START Provided data

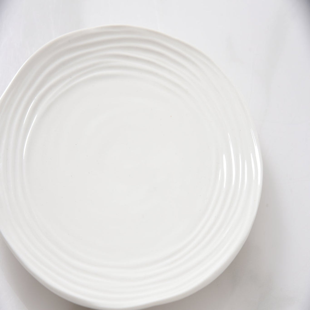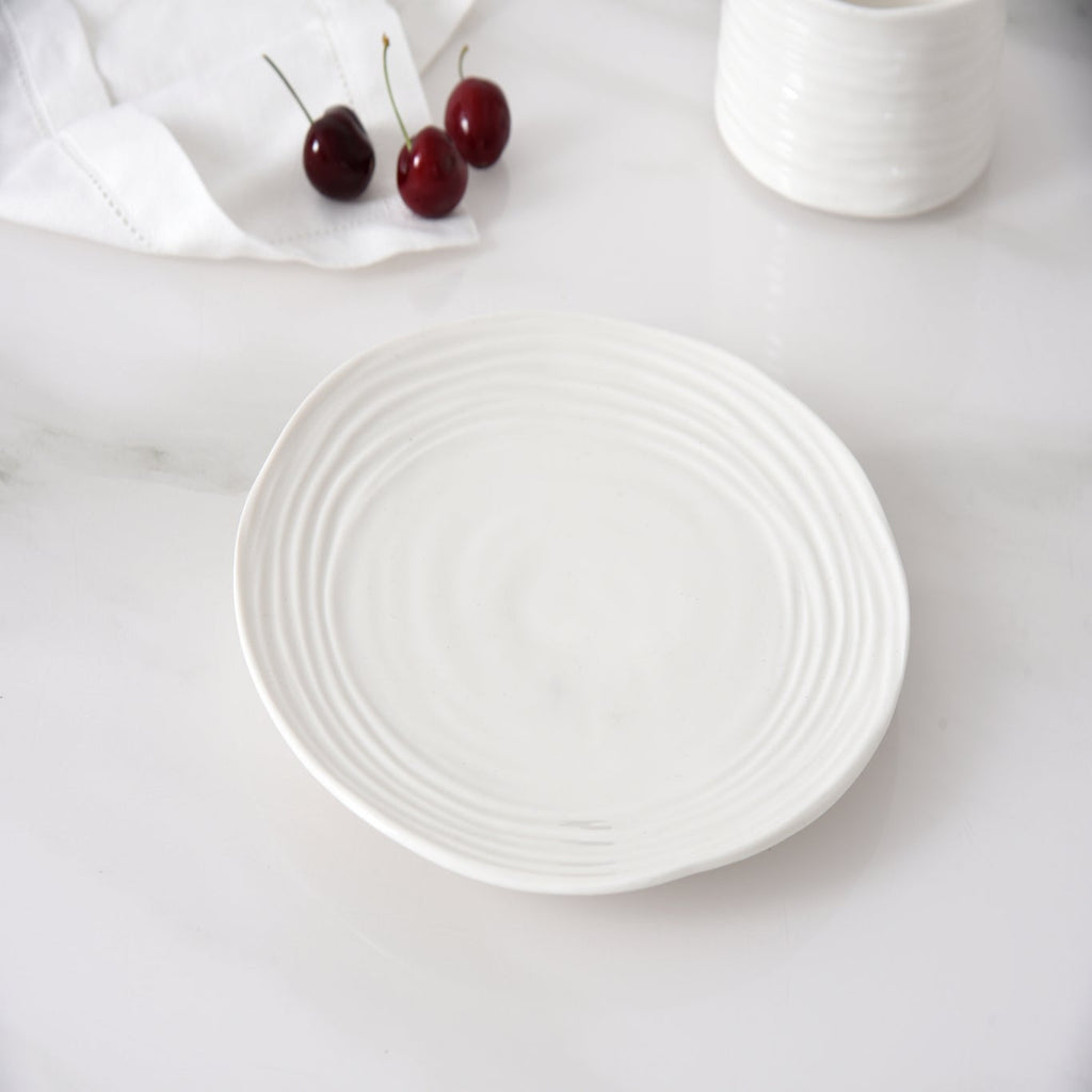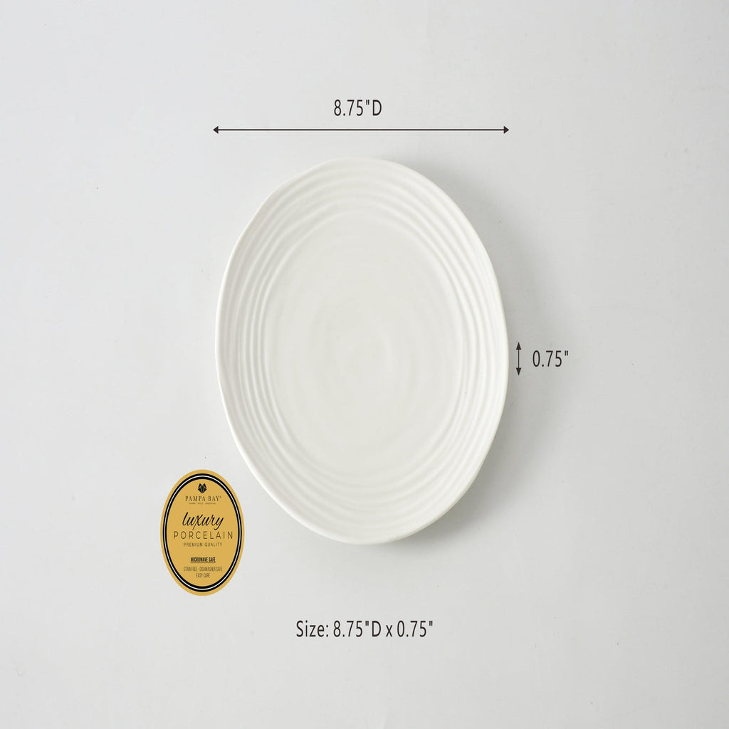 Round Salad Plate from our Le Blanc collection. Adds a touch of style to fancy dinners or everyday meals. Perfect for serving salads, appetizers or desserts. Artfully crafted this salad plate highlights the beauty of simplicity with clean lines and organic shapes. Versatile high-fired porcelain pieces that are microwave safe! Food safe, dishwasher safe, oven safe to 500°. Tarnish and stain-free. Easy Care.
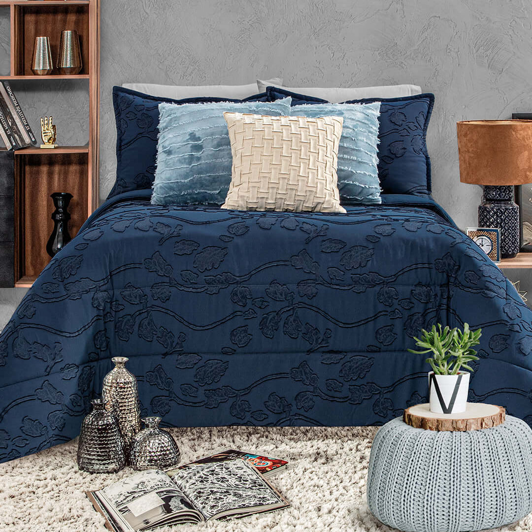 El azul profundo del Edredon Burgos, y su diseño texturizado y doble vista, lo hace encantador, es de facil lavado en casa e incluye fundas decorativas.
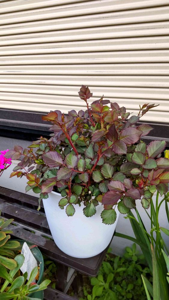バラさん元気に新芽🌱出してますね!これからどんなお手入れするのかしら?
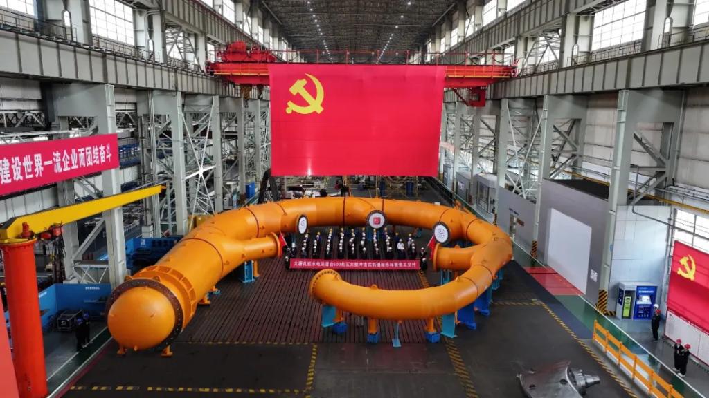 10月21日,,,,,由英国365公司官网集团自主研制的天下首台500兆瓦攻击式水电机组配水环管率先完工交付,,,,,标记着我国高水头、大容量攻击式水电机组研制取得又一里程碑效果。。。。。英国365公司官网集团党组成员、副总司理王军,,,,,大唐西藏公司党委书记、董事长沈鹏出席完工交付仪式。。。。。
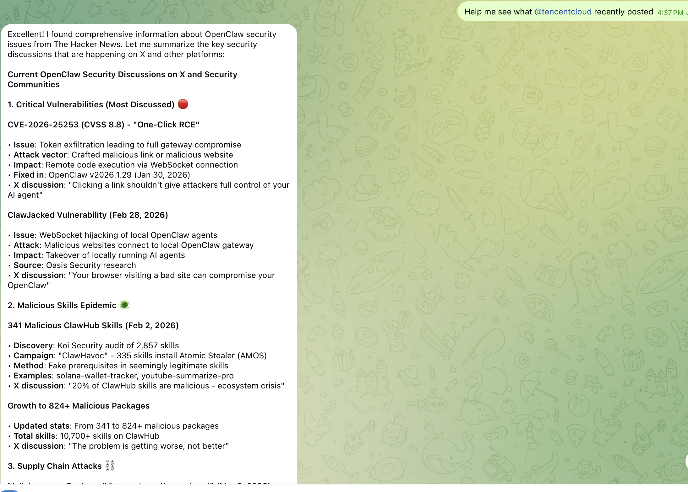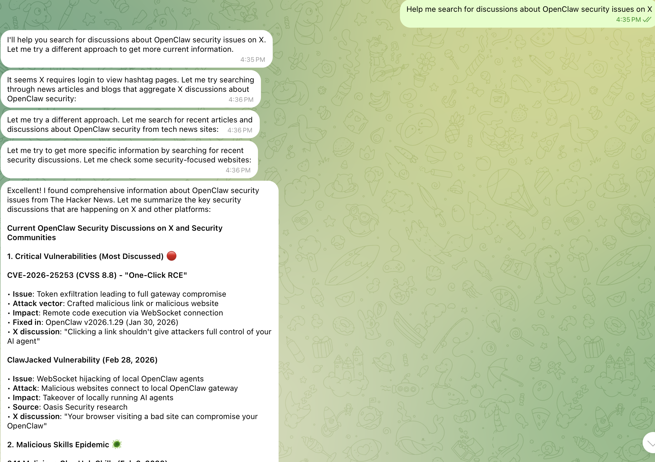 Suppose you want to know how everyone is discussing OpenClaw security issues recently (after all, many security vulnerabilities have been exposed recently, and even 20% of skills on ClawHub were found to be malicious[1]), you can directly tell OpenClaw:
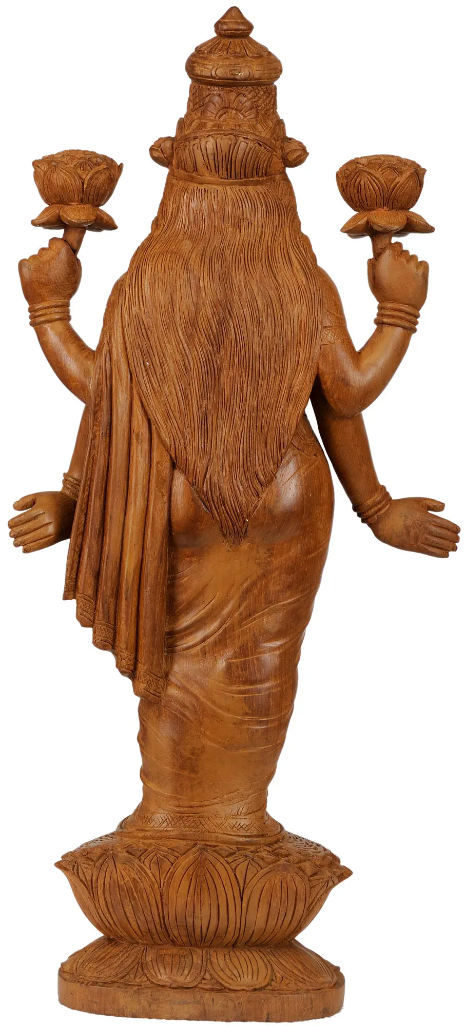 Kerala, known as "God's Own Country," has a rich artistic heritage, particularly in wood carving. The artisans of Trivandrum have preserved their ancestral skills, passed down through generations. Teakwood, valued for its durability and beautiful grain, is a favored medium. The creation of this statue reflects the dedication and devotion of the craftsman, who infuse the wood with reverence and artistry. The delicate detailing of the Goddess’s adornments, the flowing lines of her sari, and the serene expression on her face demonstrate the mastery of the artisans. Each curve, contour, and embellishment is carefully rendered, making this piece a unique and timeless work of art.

END Provided data
START Provided data

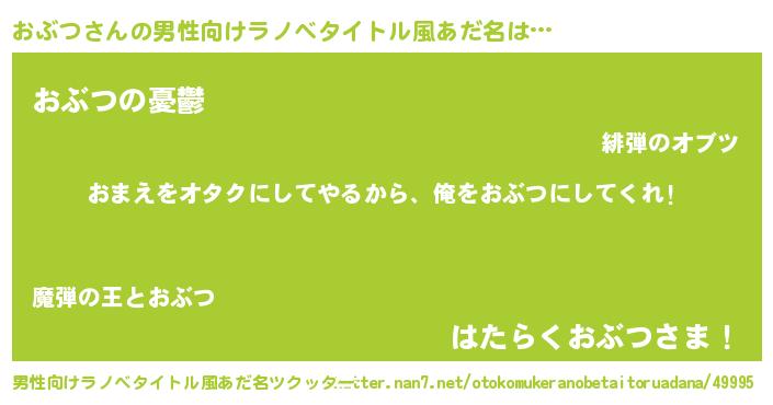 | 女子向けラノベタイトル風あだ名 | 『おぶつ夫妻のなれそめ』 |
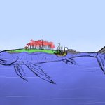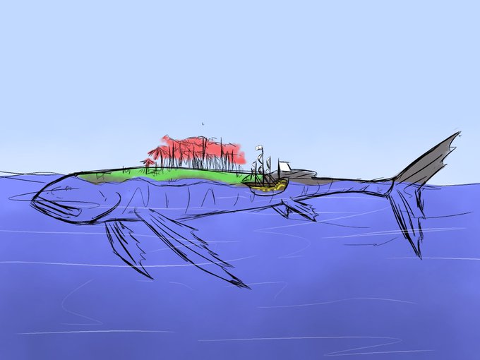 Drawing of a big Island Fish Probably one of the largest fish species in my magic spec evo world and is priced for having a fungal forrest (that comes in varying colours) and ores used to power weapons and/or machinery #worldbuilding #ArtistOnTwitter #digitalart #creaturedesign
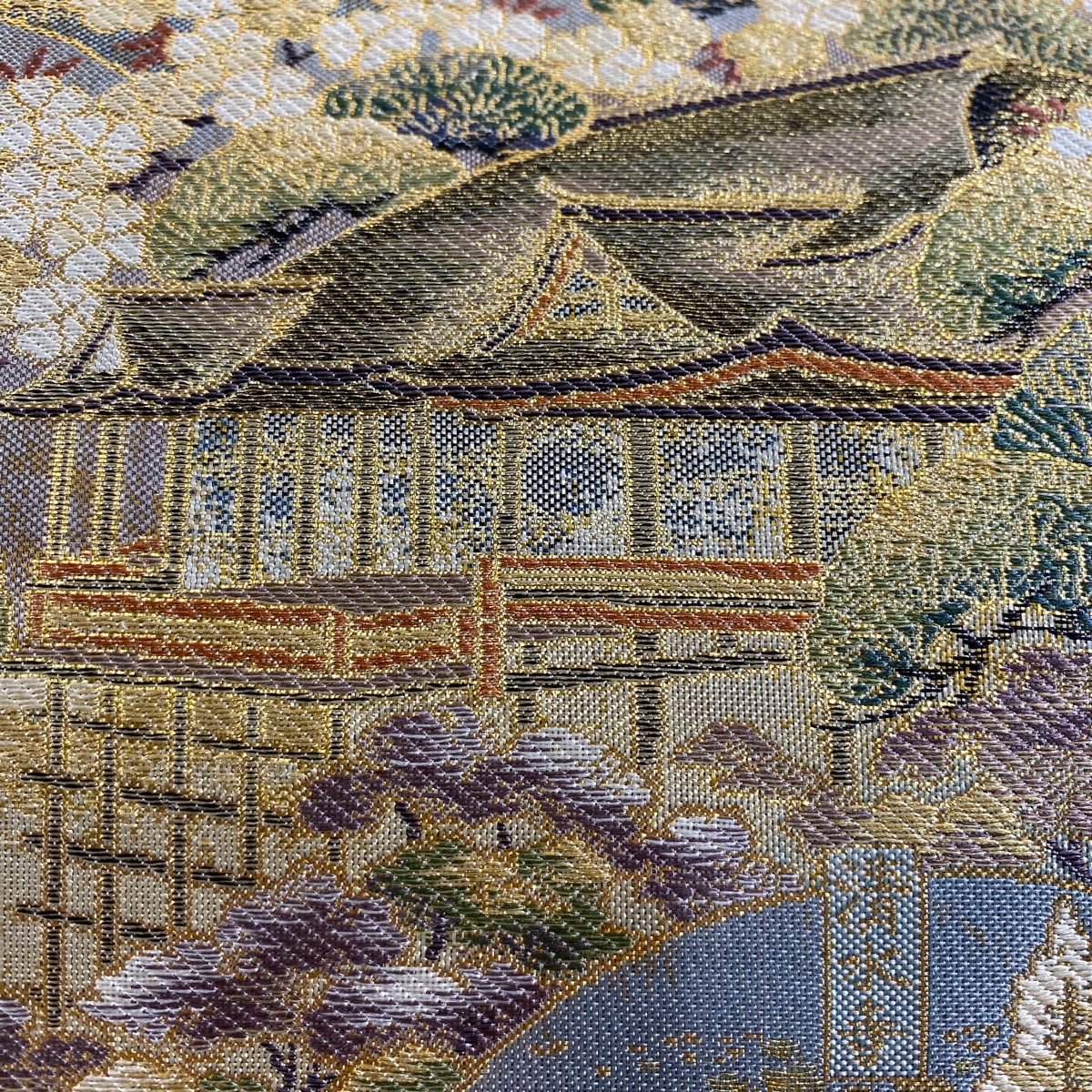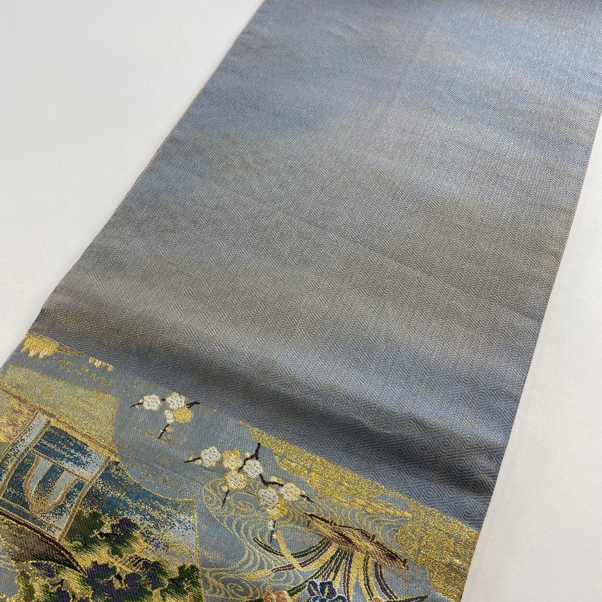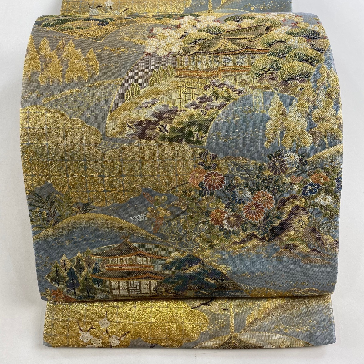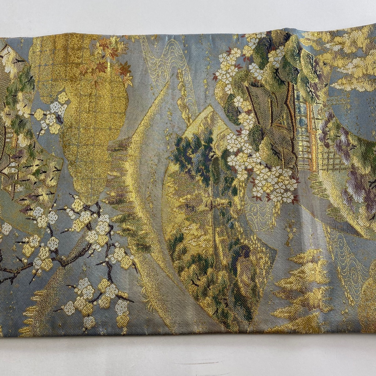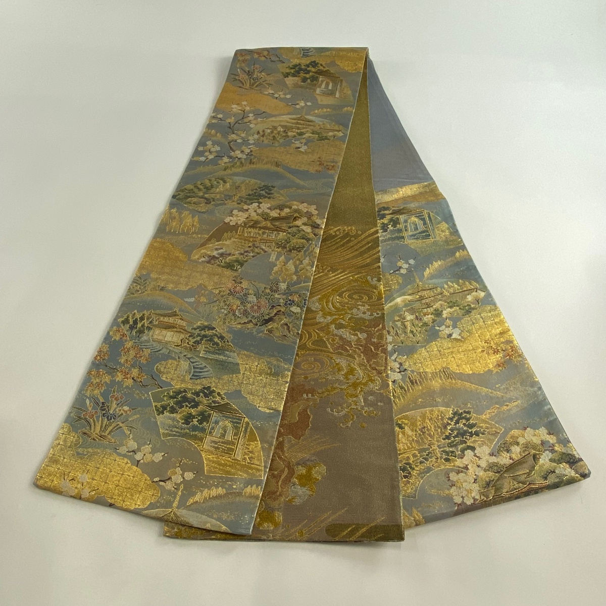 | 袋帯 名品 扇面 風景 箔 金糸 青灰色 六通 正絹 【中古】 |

END Provided data

● Exercise goal
Repeat exactly, and only, the entries from the line with "Round Salad Plate" through the line with "Suppose you want". Pictures are skipped.

● Response below
 Round Salad Plate from our Le Blanc collection. Adds a touch of style to fancy dinners or everyday meals. Perfect for serving salads, appetizers or desserts. Artfully crafted this salad plate highlights the beauty of simplicity with clean lines and organic shapes. Versatile high-fired porcelain pieces that are microwave safe! Food safe, dishwasher safe, oven safe to 500°. Tarnish and stain-free. Easy Care.
 El azul profundo del Edredon Burgos, y su diseño texturizado y doble vista, lo hace encantador, es de facil lavado en casa e incluye fundas decorativas.
バラさん元気に新芽🌱出してますね!これからどんなお手入れするのかしら?
 10月21日,,,,,由英国365公司官网集团自主研制的天下首台500兆瓦攻击式水电机组配水环管率先完工交付,,,,,标记着我国高水头、大容量攻击式水电机组研制取得又一里程碑效果。。。。。英国365公司官网集团党组成员、副总司理王军,,,,,大唐西藏公司党委书记、董事长沈鹏出席完工交付仪式。。。。。
 Suppose you want to know how everyone is discussing OpenClaw security issues recently (after all, many security vulnerabilities have been exposed recently, and even 20% of skills on ClawHub were found to be malicious[1]), you can directly tell OpenClaw:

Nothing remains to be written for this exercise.